§ **Description of the task**
Once the line containing "투믹스에서 단 1초만" is found in the records below, return it and each following line exactly, up to and including the line containing "Halloweenaccessoires Spinnenweb Oranje", and nothing else.

§ **Extracted data**
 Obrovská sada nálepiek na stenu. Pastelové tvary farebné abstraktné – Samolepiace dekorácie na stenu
==
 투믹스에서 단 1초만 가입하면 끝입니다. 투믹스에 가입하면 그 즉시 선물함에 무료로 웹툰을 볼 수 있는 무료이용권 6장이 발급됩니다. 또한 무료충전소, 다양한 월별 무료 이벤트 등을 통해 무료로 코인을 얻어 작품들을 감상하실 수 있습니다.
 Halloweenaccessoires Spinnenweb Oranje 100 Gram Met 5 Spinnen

§ **Reply**
 투믹스에서 단 1초만 가입하면 끝입니다. 투믹스에 가입하면 그 즉시 선물함에 무료로 웹툰을 볼 수 있는 무료이용권 6장이 발급됩니다. 또한 무료충전소, 다양한 월별 무료 이벤트 등을 통해 무료로 코인을 얻어 작품들을 감상하실 수 있습니다.
 Halloweenaccessoires Spinnenweb Oranje 100 Gram Met 5 Spinnen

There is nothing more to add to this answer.